Please reproduce all the data exactly as written and omit the pictures.

▶ [INFORMATION]
■ ■ ■ ■
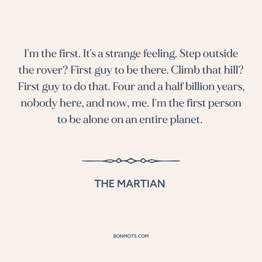 I'm the first. It's a strange feeling. Step outside the rover? First guy to be there. Climb that hill? First guy to do that. Four and a half billion years, nobody here, and now, me. I'm the first person to be alone on an entire planet.
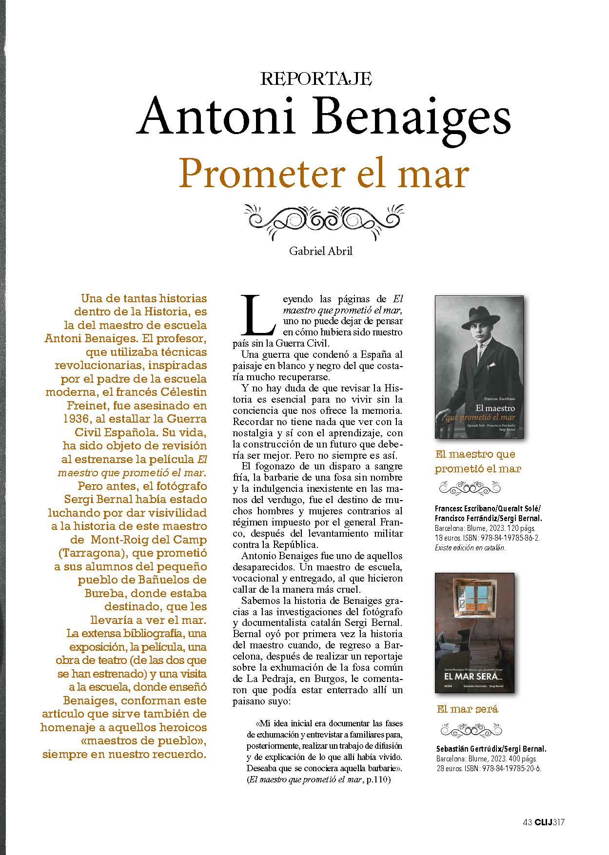 Una de tantas historias dentro de la Historia, es la del maestro de escuela Antoni Benaiges. El profesor, que utilizaba técnicas revolucionarias, inspiradas por el padre de la escuela moderna, el francés Célestin Freinet, fue asesinado en 1936, al estallar la Guerra Civil Española. Su vida, ha sido objeto de revisión en al estrenarse la película El maestro que prometió el mar.
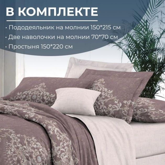 Размеры: пододеяльник 150*215 см, простыня 150*220 см, две наволочки 70*70 см Размерность комплекта
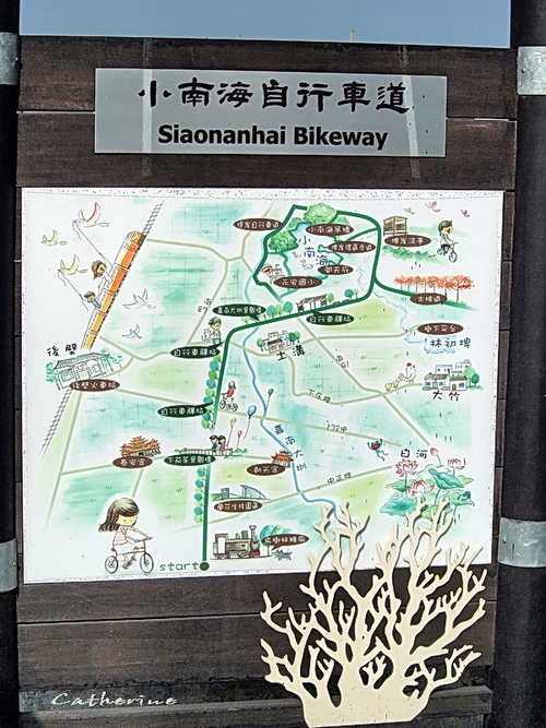 由後壁火車站正前方172甲縣道往白河方向行駛,約莫兩公里處即可看到『小南海自行車道』的起點
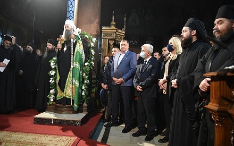 Predsjednik Narodne skupštine Republike Srpske Nedeljko Čubrilović, predsjednica Srpske Željka Cvijanović i srpski član Predsjedništava Milorad Dodik dočekali su Patrijarha Porfirija u Hramu Svete Trojice u Banjaluci.
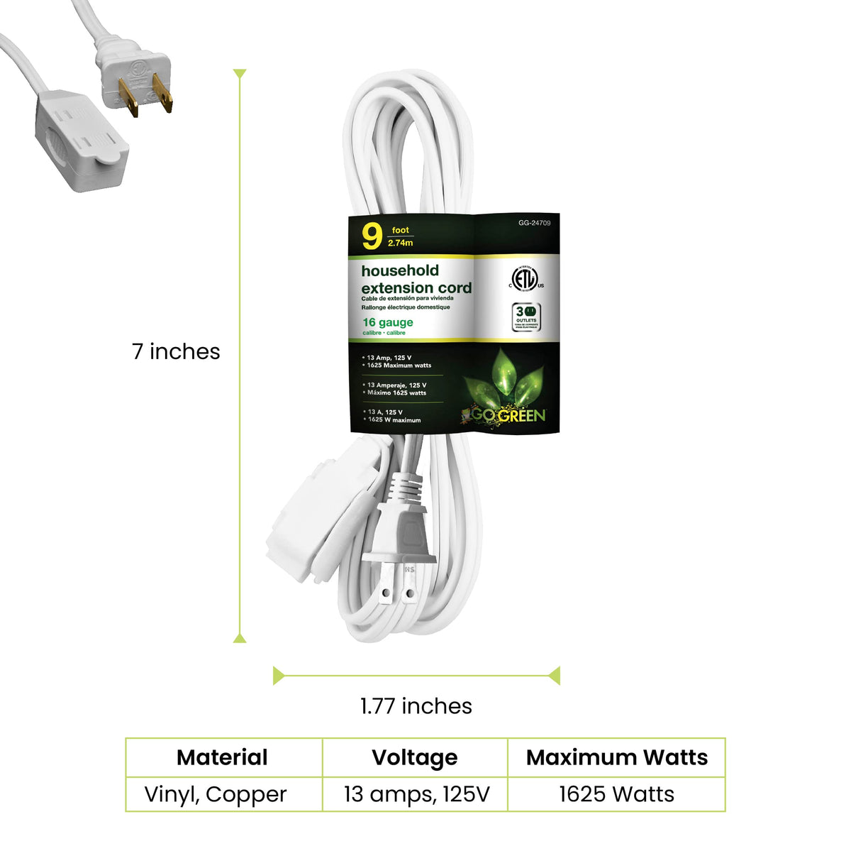 Gogreen Powers� (Gg-24709) 2-Prong Extension Cord Comes Equipped With 3 Outlets And Is Rated For Indoor Use Only. The Household Extension Cord Is 9 Feet Long. Each Extension Cord Is Fixed With A Child Safety Cover For Extra Protection. The 16 Gauge Kink-Free Cord Is Safe And Reliable, Providing Superb Insulation. It Can Be Plugged Into A Standard 3-Prong 120V Ac Outlet. The Molded Plugs Ensure A Snug And Secure Fit And Avoid Detachment From The Wire. Perfect For Daily Use, This 16/2 Spt-2 Cord Is Cetl Listed And Meets All Industry Standards. The Indoor Extension Cord Is Rated For A Maximum Of 13 Amps, 1625 Watts, 125 Volts. Perfect For Devices Such As Lamps, Phone Chargers, Fans, Heaters, And Many Other Electronics. By Purchasing This 3 Outlet Household Extension Cord, You Not Only Will Get A High-Quality Product; But Also Get Ecological Peace Of Mind With Hassle-Free Recycling. We Offer Free Recycling And Free Shipping Back Of The Used Product To Our Recycling Facility. Please View The Recycling Code And Instructions On The Back Of The Package And Visit The Gogreen Power Website For Additional Information.
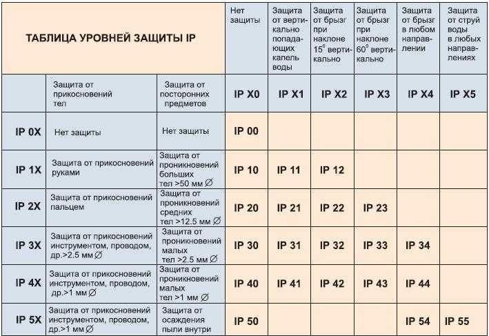 درجة حماية الشريط من التأثيرات الضارة. يحتوي المنتج دائمًا على علامة IP ، والتي تخبرك بما يتم حماية المنتج منه. من أجل التبسيط ، يتم تقديم جميع المعلومات الضرورية في الجدول أدناه ، ويتم وصف معنى الرقمين الأول والثاني في التعيين هناك.
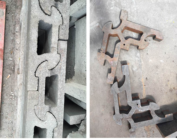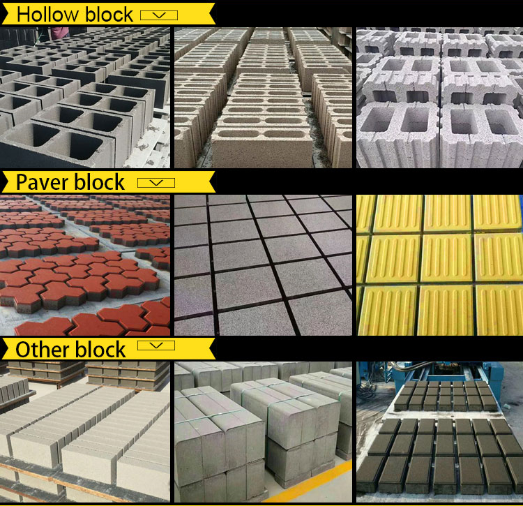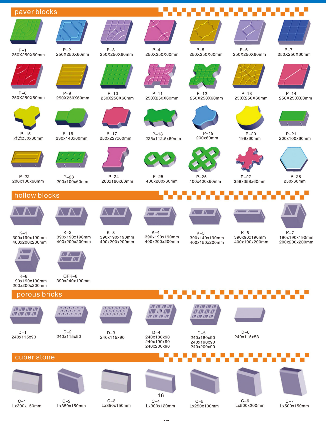The machine can produce hollow blocks, solid bricks, various pavers (S-shape, interlocking), curbstones and slabs. It supports common mould sizes such as 400×200×200, 400×250×200, 400×150×200, 400×100×200, 230×110×70 (solid), and custom moulds can be fitted as required.
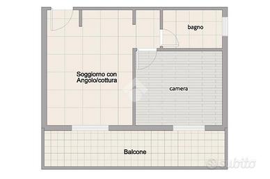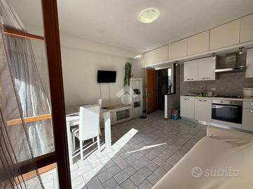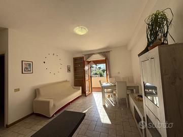 Internamente l'immobile conta circa 45 mq, composto da soggiorno con angolo cottura ed accesso al balcone di 15 mq, ottimo per trascorrere i momenti di relax al ritorno dal mare e soprattutto sfruttarlo durante i pasti, data la sua esposizione pieno SUD, disimpegno da cui si raggiunge il bagno con box doccia finestrato e la camera padronale.
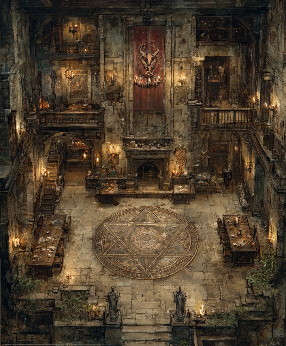 A demon appears in the center of a pentagram. Room in a medieval tower. D&D style. --chaos 10 --ar 5:6 --profile iomhvnn --stylize 350
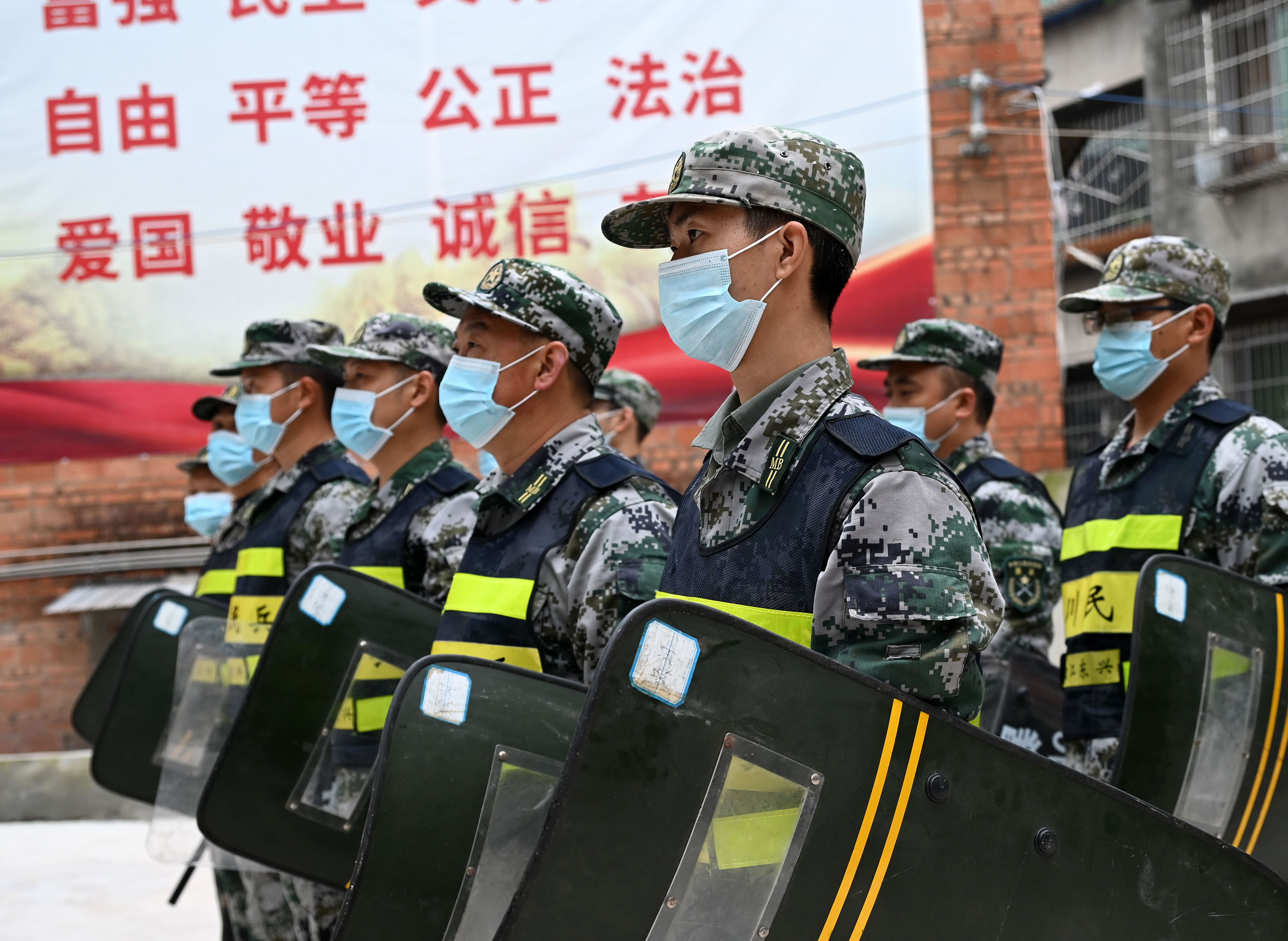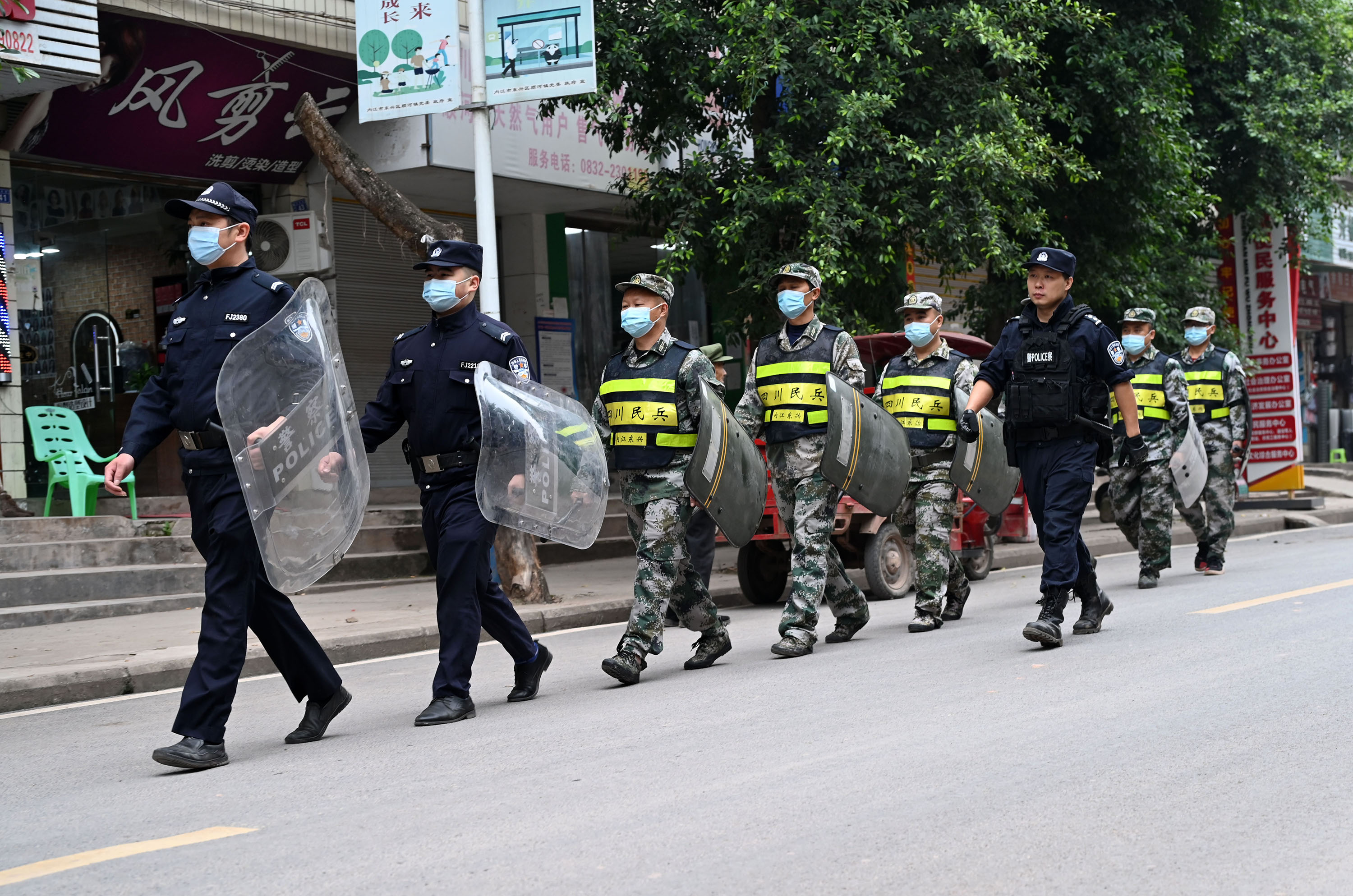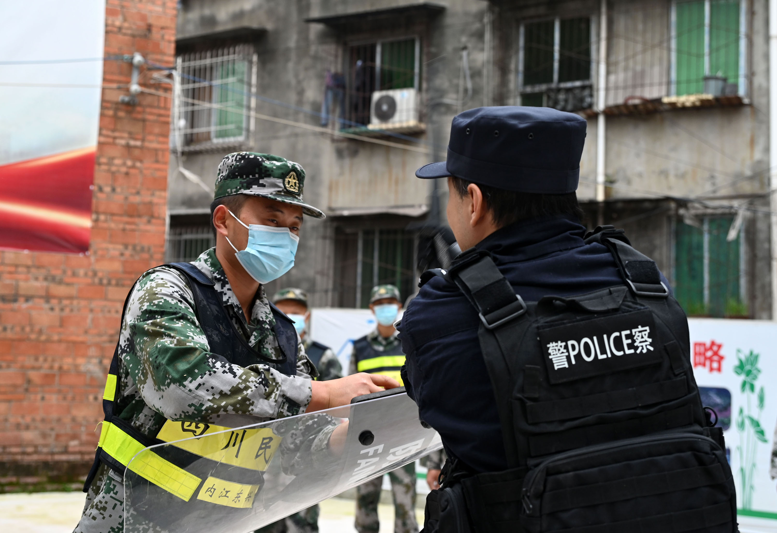 10月13日,在省内江市东兴区顺河镇天宫社区,武装巡逻出现在街头,成为一道亮丽的风景线。
■ ■ ■ ■
▶ [RESPONSE TO THE TASK]
 I'm the first. It's a strange feeling. Step outside the rover? First guy to be there. Climb that hill? First guy to do that. Four and a half billion years, nobody here, and now, me. I'm the first person to be alone on an entire planet.
 Una de tantas historias dentro de la Historia, es la del maestro de escuela Antoni Benaiges. El profesor, que utilizaba técnicas revolucionarias, inspiradas por el padre de la escuela moderna, el francés Célestin Freinet, fue asesinado en 1936, al estallar la Guerra Civil Española. Su vida, ha sido objeto de revisión en al estrenarse la película El maestro que prometió el mar.
 Размеры: пододеяльник 150*215 см, простыня 150*220 см, две наволочки 70*70 см Размерность комплекта
 由後壁火車站正前方172甲縣道往白河方向行駛,約莫兩公里處即可看到『小南海自行車道』的起點
 Predsjednik Narodne skupštine Republike Srpske Nedeljko Čubrilović, predsjednica Srpske Željka Cvijanović i srpski član Predsjedništava Milorad Dodik dočekali su Patrijarha Porfirija u Hramu Svete Trojice u Banjaluci.
 Gogreen Powers� (Gg-24709) 2-Prong Extension Cord Comes Equipped With 3 Outlets And Is Rated For Indoor Use Only. The Household Extension Cord Is 9 Feet Long. Each Extension Cord Is Fixed With A Child Safety Cover For Extra Protection. The 16 Gauge Kink-Free Cord Is Safe And Reliable, Providing Superb Insulation. It Can Be Plugged Into A Standard 3-Prong 120V Ac Outlet. The Molded Plugs Ensure A Snug And Secure Fit And Avoid Detachment From The Wire. Perfect For Daily Use, This 16/2 Spt-2 Cord Is Cetl Listed And Meets All Industry Standards. The Indoor Extension Cord Is Rated For A Maximum Of 13 Amps, 1625 Watts, 125 Volts. Perfect For Devices Such As Lamps, Phone Chargers, Fans, Heaters, And Many Other Electronics. By Purchasing This 3 Outlet Household Extension Cord, You Not Only Will Get A High-Quality Product; But Also Get Ecological Peace Of Mind With Hassle-Free Recycling. We Offer Free Recycling And Free Shipping Back Of The Used Product To Our Recycling Facility. Please View The Recycling Code And Instructions On The Back Of The Package And Visit The Gogreen Power Website For Additional Information.
 درجة حماية الشريط من التأثيرات الضارة. يحتوي المنتج دائمًا على علامة IP ، والتي تخبرك بما يتم حماية المنتج منه. من أجل التبسيط ، يتم تقديم جميع المعلومات الضرورية في الجدول أدناه ، ويتم وصف معنى الرقمين الأول والثاني في التعيين هناك.
The machine can produce hollow blocks, solid bricks, various pavers (S-shape, interlocking), curbstones and slabs. It supports common mould sizes such as 400×200×200, 400×250×200, 400×150×200, 400×100×200, 230×110×70 (solid), and custom moulds can be fitted as required.
 Internamente l'immobile conta circa 45 mq, composto da soggiorno con angolo cottura ed accesso al balcone di 15 mq, ottimo per trascorrere i momenti di relax al ritorno dal mare e soprattutto sfruttarlo durante i pasti, data la sua esposizione pieno SUD, disimpegno da cui si raggiunge il bagno con box doccia finestrato e la camera padronale.
 A demon appears in the center of a pentagram. Room in a medieval tower. D&D style. --chaos 10 --ar 5:6 --profile iomhvnn --stylize 350
 10月13日,在省内江市东兴区顺河镇天宫社区,武装巡逻出现在街头,成为一道亮丽的风景线。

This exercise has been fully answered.